Lebanon’s parliament has elected former army commander Michel Aoun as president, filling a post that had been vacant for more than two years and injecting hope that the country’s long-running political paralysis would come to an end.
But the 81-year-old retired general who presided over the final bloody chapters of the Lebanese civil war and is a strong Hezbollah ally has an unenviable task ahead — forming a government out of the country’s unruly political factions and dealing with an array of problems that includes what to do with more than 1 million Syrian refugees who have fled the war in neighbouring Syria.

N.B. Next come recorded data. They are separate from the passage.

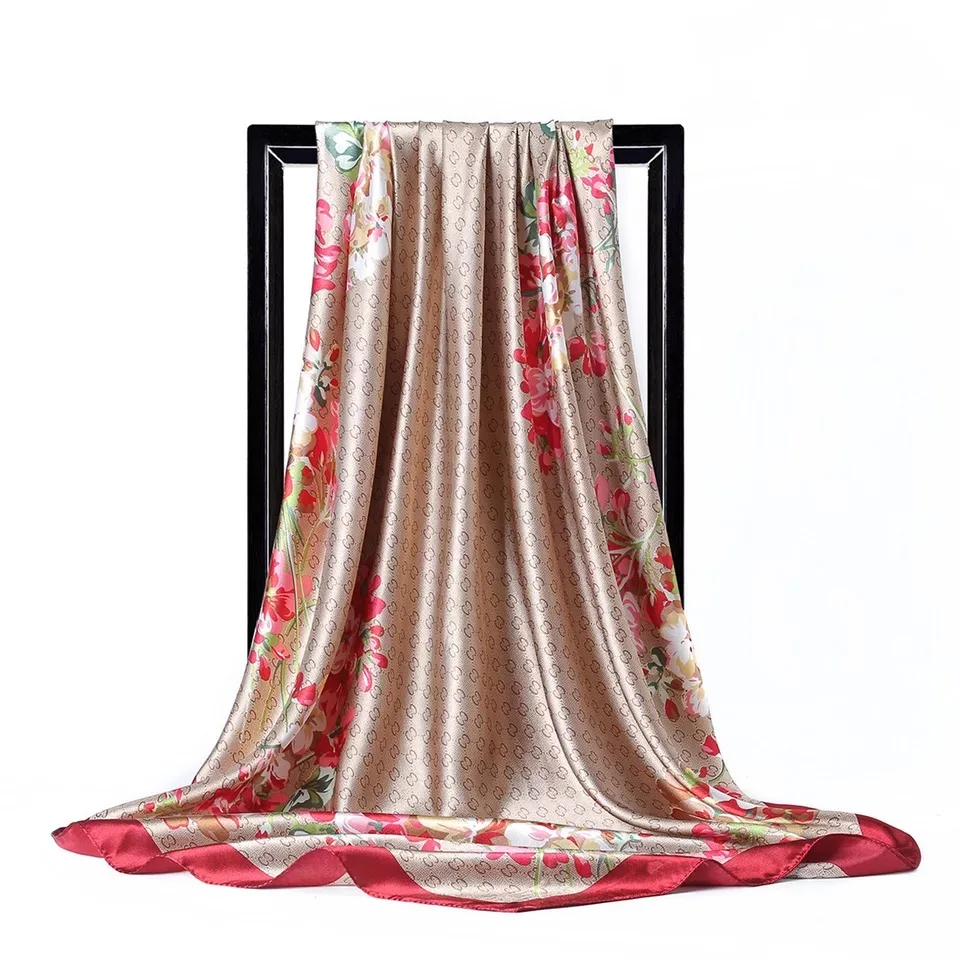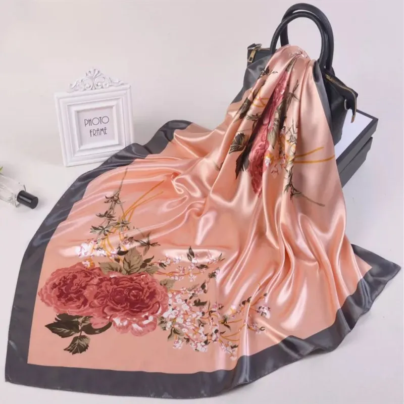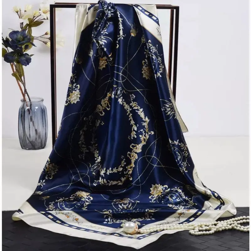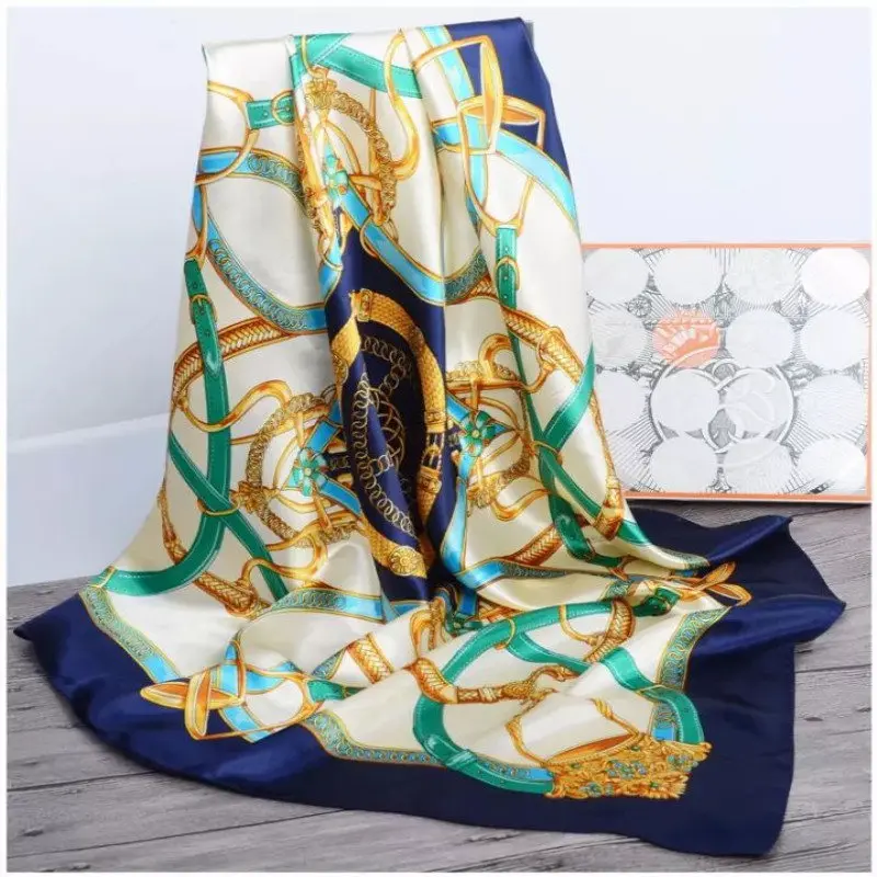 Женский шелковый шарф с квадратной головкой, роскошный брендовый сатиновый шарф-пачка, размеры 90*90, цвет евро-зеленый
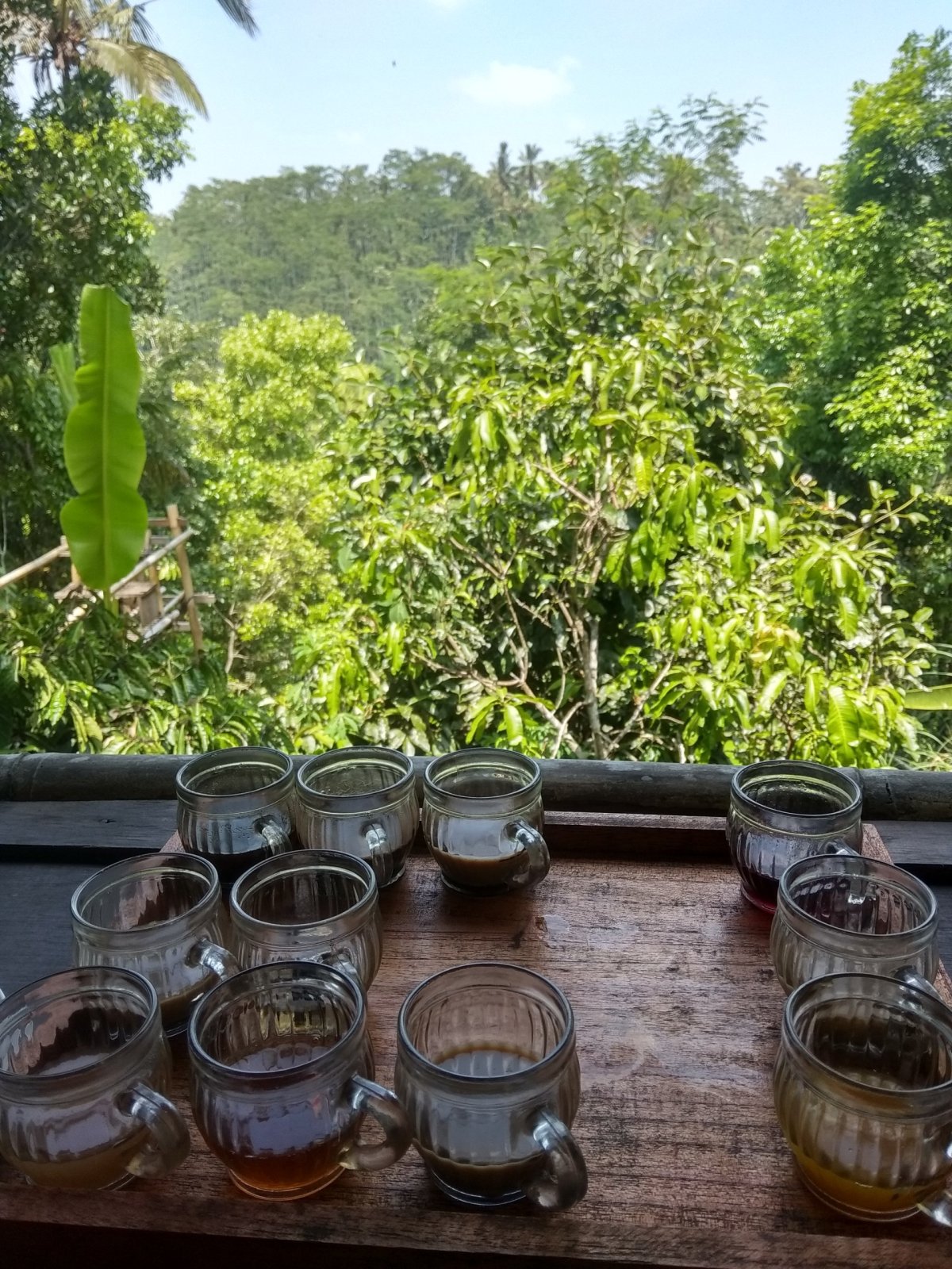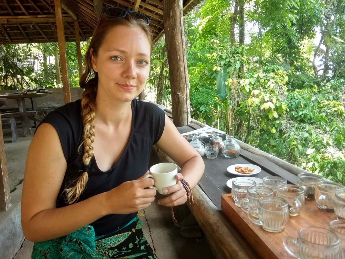 Po návštěvě vodního chrámu jsme dostali chuť na dobrou kávu, proto neváháme a po cestě zpět do Ubudu zastavujeme u místní kávové plantáže na ochutnávku káv a čajů. Ihned se nás ujímá majitel a vysvětluje pěstování kávových bobů a přípravu kávy. Následuje ochutnávka různých druhů káv a čajů, která je zdarma, avšak očekává se, že si něco zakoupíte. Objednáváme si tedy šálek známé Kopi Luwak, která se vyrábí z kávových bobů, které prošli trávícím ústrojím Cibetky. Káva je dobrá, avšak nijak zvlášť nás neuchvátila. Poté navštěvujeme malý obchůdek, kde si můžete koupit všechny druhy kávy a čajů, které jste ochutnali.
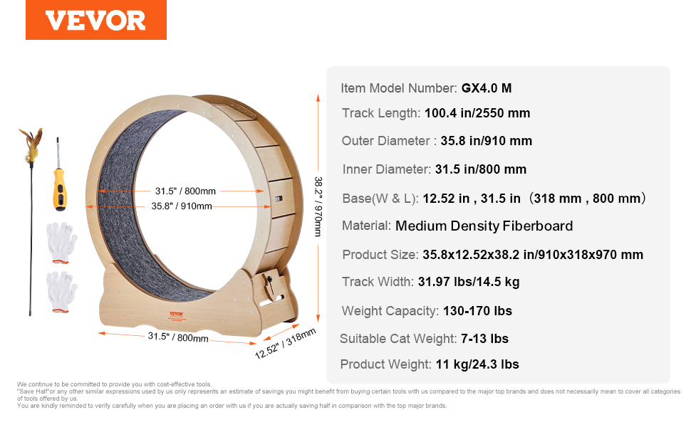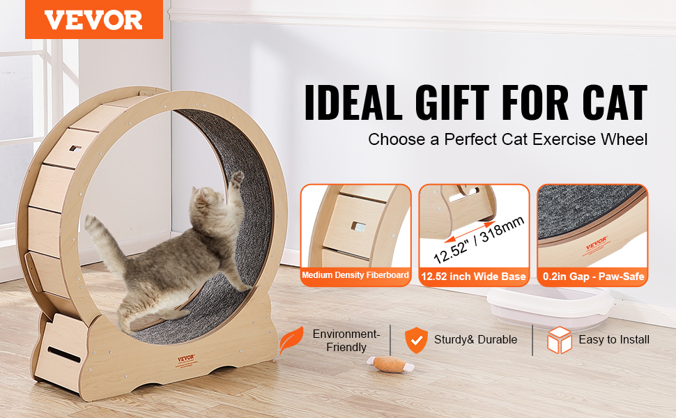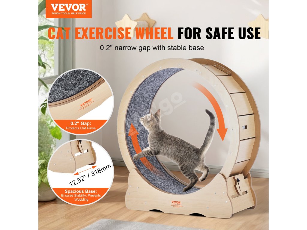 Priestranný vnútorný priemer poskytuje vašej chlpatej mačke dostatok priestoru na voľný a pohodlný pohyb, vhodný pre mačky všetkých veľkostí. Či už sú veľké alebo malé, všetky ho môžu bez problémov využívať na behanie a hranie.
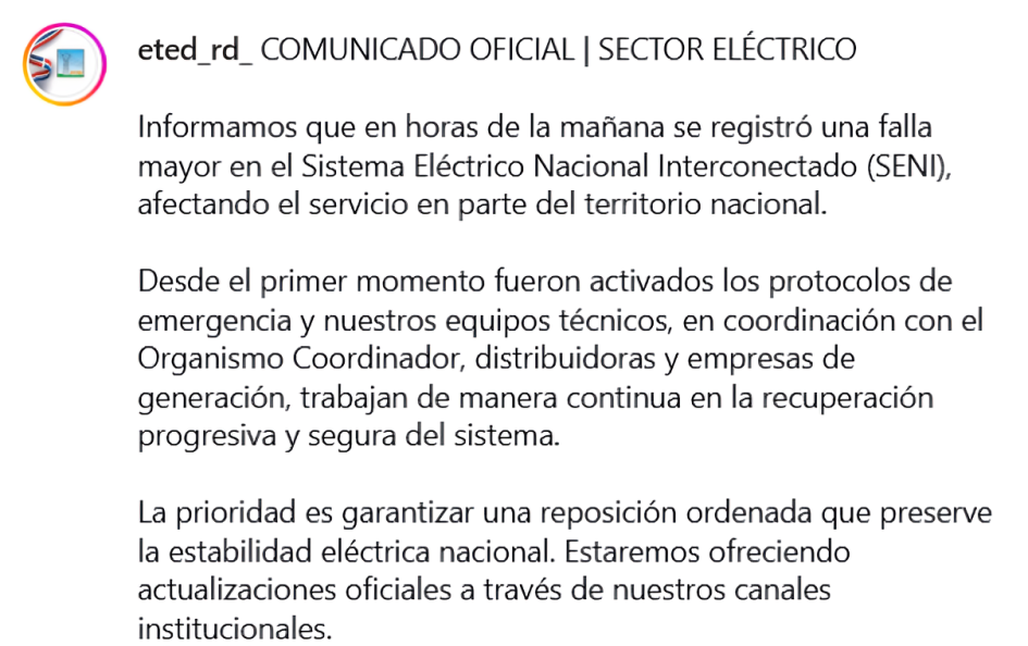 Cabe recordar que la interrupción comenzó a las 10:53 de la mañana y afectó zonas del Distrito Nacional, Santiago, Dajabón, El Seibo, Peravia, San Francisco de Macorís y Santo Domingo Este.
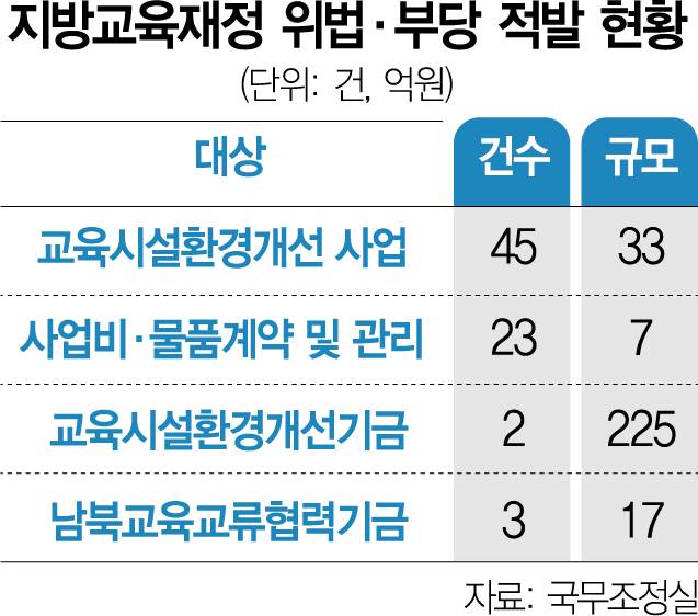 국조실이 지난해 10월부터 지난달까지 조사한 결과로 교육시설환경개선 사업에서 총 45건(33억 원)이 과다 집행된 것으로 나타났다.
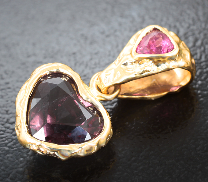 Кулон с гранатом со сменой цвета эффектной огранки 2,99 карата и неоново-розовой шпинелью 0,29 карата
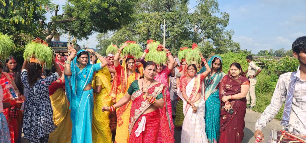 भक्ति गीतों के साथ कलश के जवारों का विसर्जन
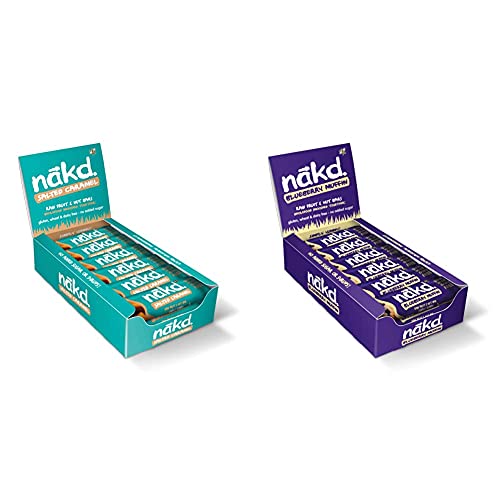 Nakd Salted Caramel Natural Snack Bars - Vegan Bars - Healthy Snack - 35 g (Pack of 18) & Blueberry Muffin Natural Fruit & Nut Bars - Vegan - Gluten Free - Healthy Snack, 35 g (Pack of 18)
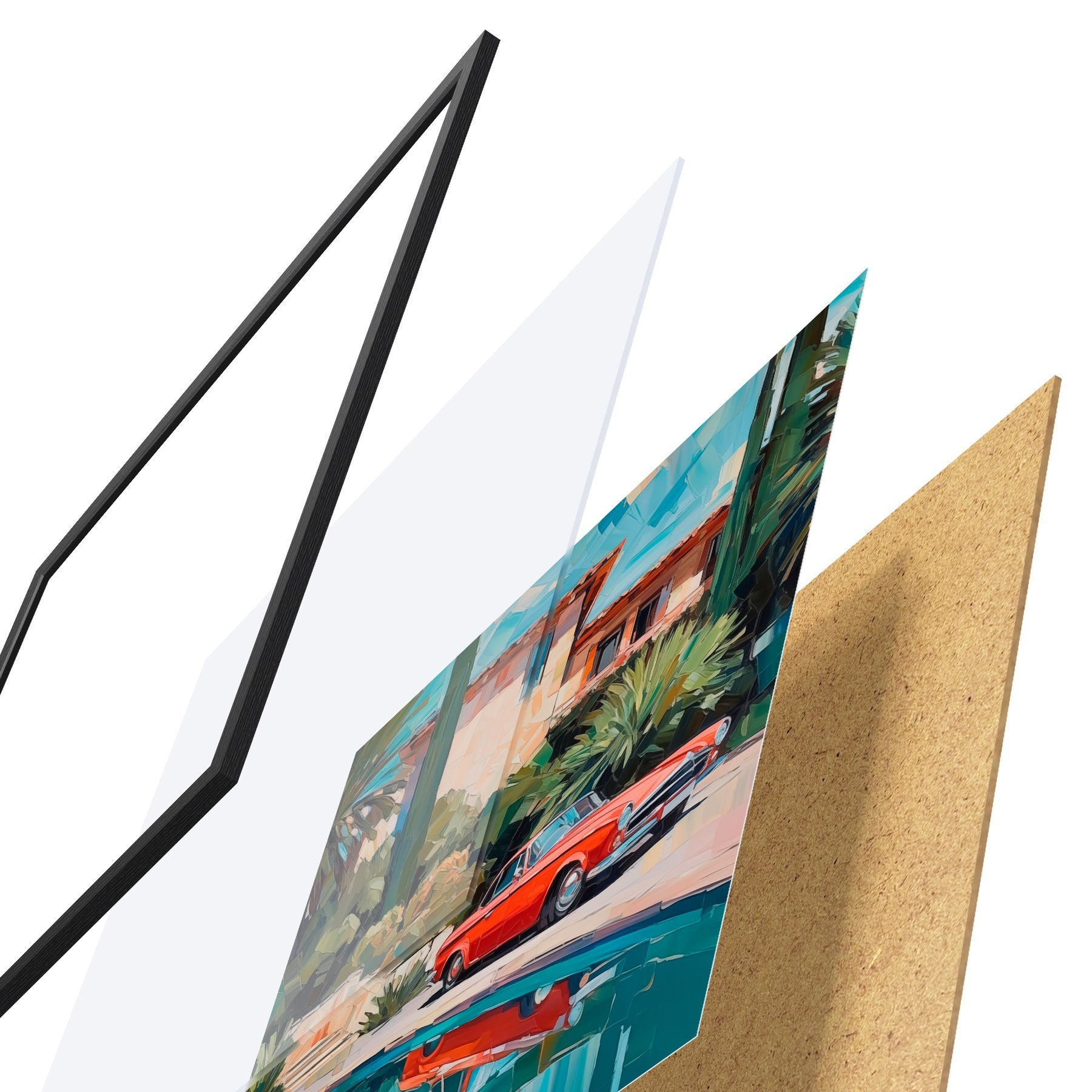 Plakát se skládá z rámu, plexiskla, tištěného obrazu a dřevotřískového podkladu. Díky úchytům na zadní straně lze plakát ihned zavěsit na zeď.
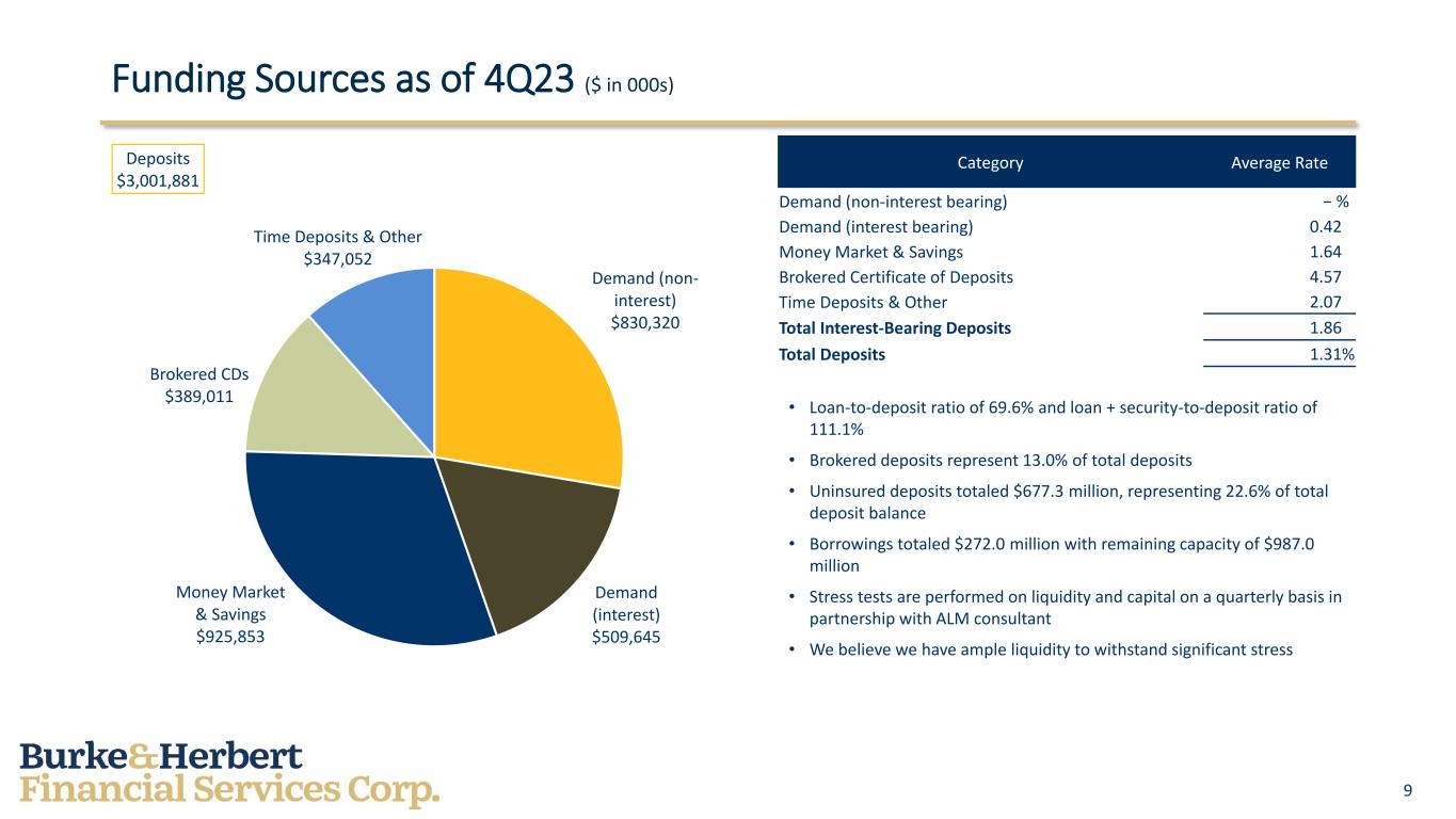 8 Security Portfolio as of 4Q23 ($in 000s) U.S Treasury & Agency $179,071 Municipal $463,203 Agency RMBS $42,238 Non-Agency RMBS $266,031 Agency CMBS $34,885 Non-Agency CMBS $177,061 Asset-Backed $77,936 Other $8,014 Portfolio FV $1,248,439 • Portfolio duration is approximately 3.8 years • 72% of unrealized losses have a duration of approximately 5.8 years; remainder less than 3 years • Unrealized losses are the result of the interest rate environment • AOCI accretion is expected to be approximately 6.6% per quarter assuming a stagnant interest rate environment • The current portfolio is held as available-for-sale, and there is no intent to reclassify any part • Majority of non-agency CMBS and ABS are equity enhanced through structure and credit support Category Net Unrealized Losses Amortized Cost WA Yield U.S. Treasury & Agency $ 17,955 $ 197,026 1.36% Municipal 72,026 535,229 2.11% Agency RMBS 4,836 47,074 3.67% Non-Agency RMBS 18,795 284,826 3.67% Agency CMBS 1,266 36,151 5.47% Non-Agency CMBS 6,393 183,454 4.91% Asset-Backed 1,379 79,315 6.35% Other 1,486 9,500 5.13% $ 124,136 $1,372,575 3.11%
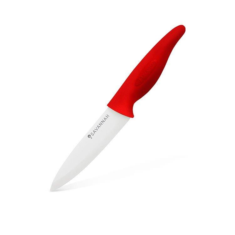 The Savannah Ceramic Preparation Knife with Sheath in Red is a must-have tool for any kitchen. Made from high-quality ceramic, this 13cm preparation knife features an ultra-sharp diamond sharpened blade that is Ideal for slicing, mincing and dicing of fruit, vegetables and boneless meat. Its compact size and lightweight design make it the perfect choice for small kitchen tasks.

Aoun secured a simple majority of votes in parliament after a tension-filled, chaotic session that saw several rounds of voting because extra ballots appeared in the ballot box each time. In the end, the transparent box was placed in the middle of Parliament, where lawmakers cast their votes in front of two witnesses who watched to make sure no extra ballots were put in.
“We haven’t voted in a long time. We’re learning again,” Parliament Speaker Nabih Berri joked of the nearly two-hour process.
In the end, Aoun garnered 83 votes out of 127 lawmakers present at the session. He had been widely expected to achieve a two-thirds majority in the first round, but failed by two votes.